Todos os anos o “tio do pavê” marca presença no Natal da família e não deixa de perguntar qual o seu salário. Tem sempre aquele primo exemplar, da mesma idade, que já passou em vários concursos e tem casa própria. Comparações, perguntas e comentários inconvenientes nas festas de fim de ano são comuns e muitos já passaram por isso.
“No fundo, sabemos o que esperar e podemos também saber que os familiares podem continuar a fazer as mesmas brincadeiras e indagações tão previsíveis“, afirma Tatiane Manduca. Ter consciência dessa informação é bem importante para lidar, de forma madura, com os assuntos que podem incomodar. “Na melhor das hipóteses, podemos dar um lugar menos sério a estas ‘convocações’ e, quem sabe, ainda poder rir e brincar de algo caricatural”.
Edwiges Parra lembra que, embora possam ser desagradáveis, esses momentos – se saudáveis – podem contribuir para o desenvolvimento de habilidades socioemocionais. Ainda assim, como alternativas, ela recomenda:
- Desviar de um assunto de forma educada e polida;
- Manter respostas curtas para não gerar a oportunidade de existirem mais perguntas;
- Ser assertivo, estabelecendo um limite de forma educada.

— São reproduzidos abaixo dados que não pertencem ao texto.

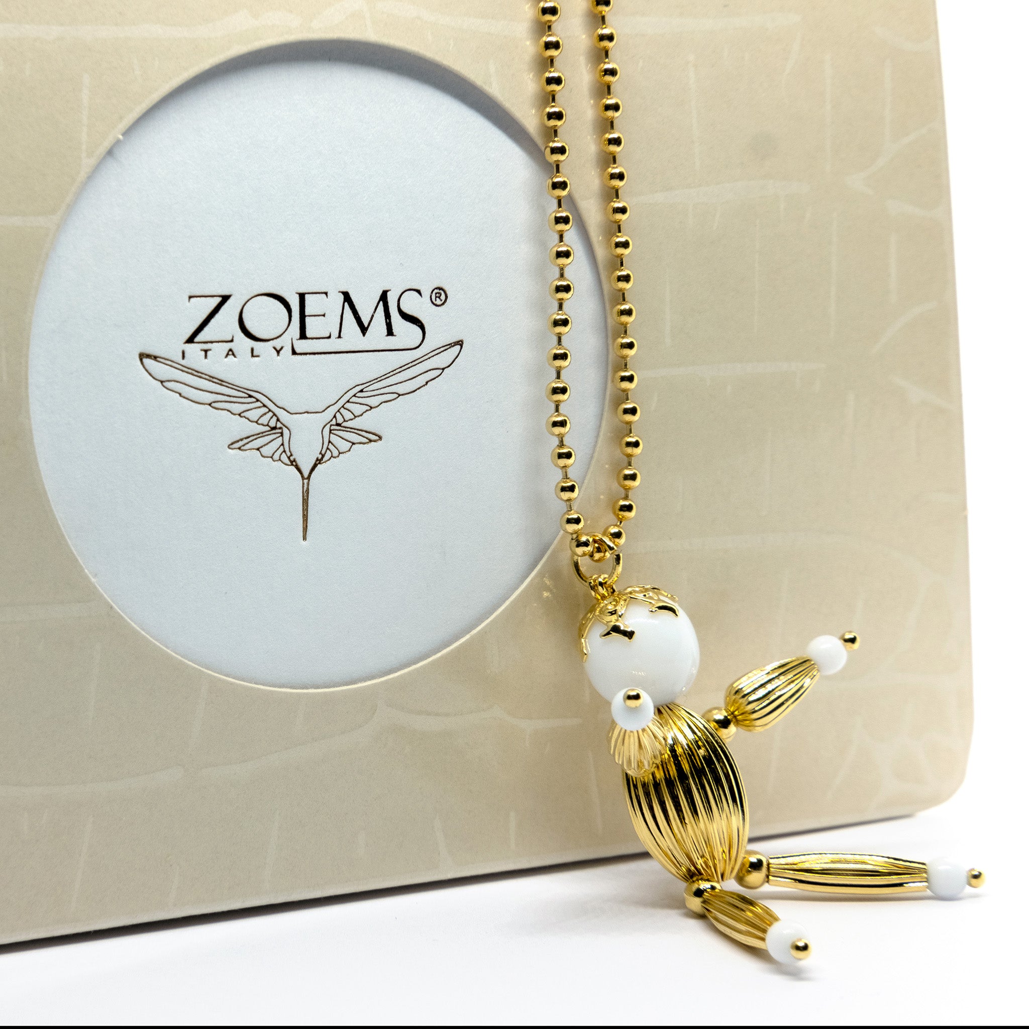 Collana Ninni lunga 93 cm circa, placcata in metallo prezioso, oro, con spessore 0,20 micron certificati e pietra colore Bianca.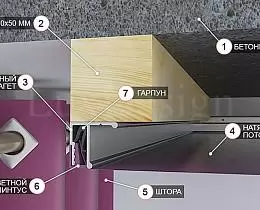 Существует два варианта крепления потолочного карниза. Это потолочный карниз или ниша под карниз. Потолочный карниз крепиться к установленной закладной под натяжным потолком. В случае ниши под карниз, потолок не доходит до окна, оставляется пространство и в это пространство крепится карниз. Выглядит это так, как будто шторы спускаются из-под потолка.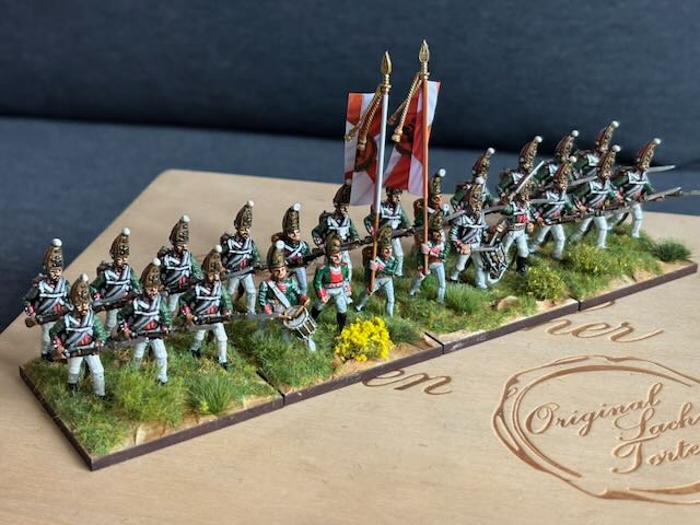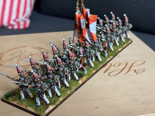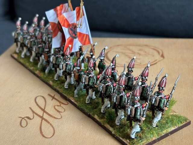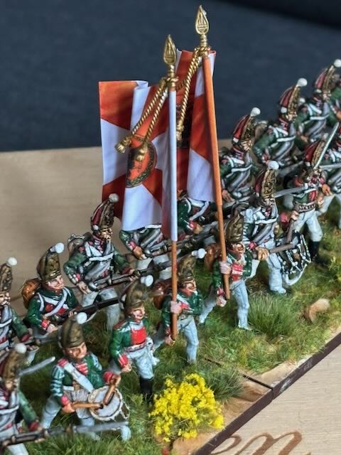 Just completed the restoration of very old but brilliantly painted miniatures from Mirliton. They were not enough to build a battalion so I resorted to a few vintage Minifigs to build the units. They have been painted reasonably close to the colours used in the models already painted. I am quite happy. Flags from GMB.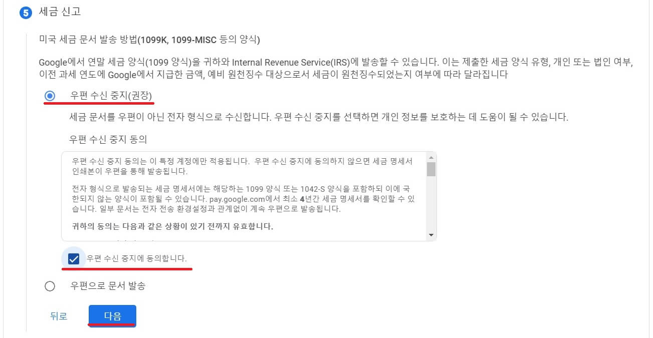 다음 항목에선 '우편 수신 중지(권장)'을 선택해 주시고요.

Também pode ser tempo de se recolher e se priorizar
Carlos*, 22, é um jovem gay – ainda sem conhecimento da família – e que decidiu, pela primeira vez, vivenciar as festas no fim deste ano sem a presença dos parentes. A decisão, que não foi simples, partiu de uma própria reflexão interna que envolve compreender os diálogos e tensões sobre o tema. “Já ouvi inúmeras vezes de familiares que ser LGBTQIAPN+ é uma ‘doença’ ou um ‘defeito’. Não estou pronto para relembrar todas essas memórias novamente e, neste momento, preciso buscar uma reconexão comigo mesmo“, afirma.
A neuropsicóloga Aline Gomes explica que, em pessoas nessa situação, o ideal é “tentar avaliar o quanto os mais limitados e preconceituosos estão abertos a receber e a incluir outros membros da família”. No entanto, em casos que não envolvem essa abertura, sugere que o mais prudente, nesta situação, é não frequentar. “Sabemos que nem todas as famílias são compreensivas e acolhedoras. Em muitos casos, é ali onde está a origem do transtorno de algumas pessoas”, completa a especialista.
*A Vida Simples optou por utilizar um nome fictício para preservar a identidade do entrevistado.